**Data section**
********
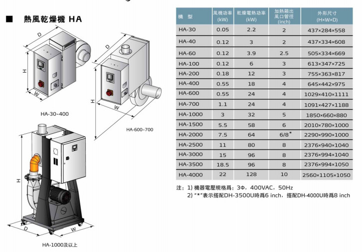 詳細(xì)信息 HA-30,HA-40,HA-60,HA-100,HA-200,HA-400,HA-600,HA-700,HA-1000,HA-1500,HA-2000,HA-2500,HA-3000,HA-3500,HA-4000熱風(fēng)干燥機
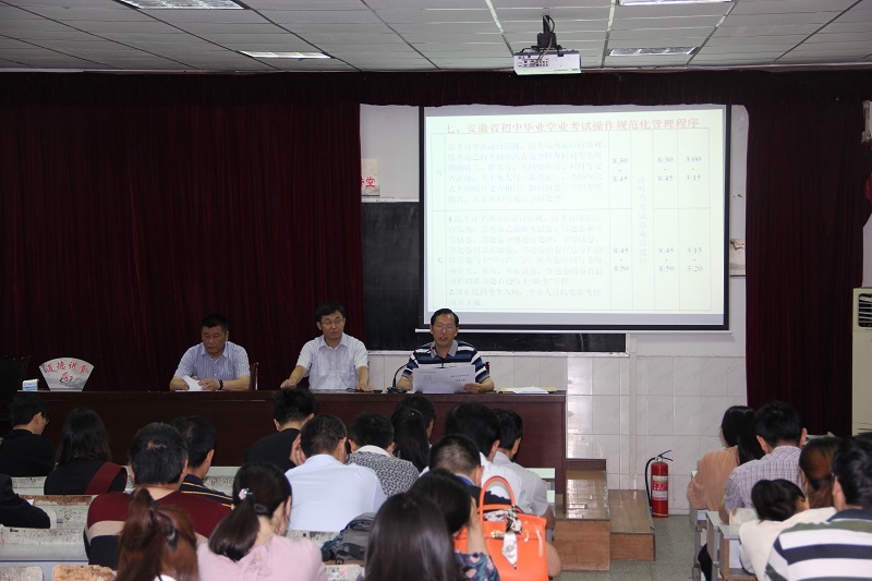 為確保2017年安徽省初中學(xué)業(yè)水平考試工作順利有序的進(jìn)行,市五中2017年初中學(xué)業(yè)水平考試考務(wù)工作培訓(xùn)會于6月13日上午8:30準(zhǔn)時在階梯教室舉行,來自市直各校的監(jiān)考人員與市五中考點(diǎn)的考務(wù)、后勤保障、保衛(wèi)共80多名教師參加了培訓(xùn)會。
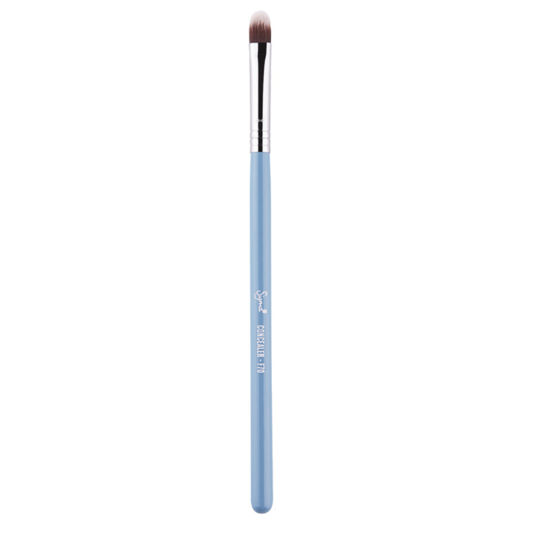 Achieve flawless skin with the Sigma F70 Concealer Brush – Bunny Blue, your go-to tool for precise spot-concealing and under-eye brightening. Designed with ultra-soft Sigmax® synthetic fibers, this small, flat brush blends all types of concealers like liquid, cream, or stick with ease and precision.
********
**What the task asks**
Write out exactly, and only, the lines running from the line with "為確保2017年安徽省初中學" to the last line above, both included, with all pictures omitted.

**Answer to the problem**
 為確保2017年安徽省初中學(xué)業(yè)水平考試工作順利有序的進(jìn)行,市五中2017年初中學(xué)業(yè)水平考試考務(wù)工作培訓(xùn)會于6月13日上午8:30準(zhǔn)時在階梯教室舉行,來自市直各校的監(jiān)考人員與市五中考點(diǎn)的考務(wù)、后勤保障、保衛(wèi)共80多名教師參加了培訓(xùn)會。
 Achieve flawless skin with the Sigma F70 Concealer Brush – Bunny Blue, your go-to tool for precise spot-concealing and under-eye brightening. Designed with ultra-soft Sigmax® synthetic fibers, this small, flat brush blends all types of concealers like liquid, cream, or stick with ease and precision.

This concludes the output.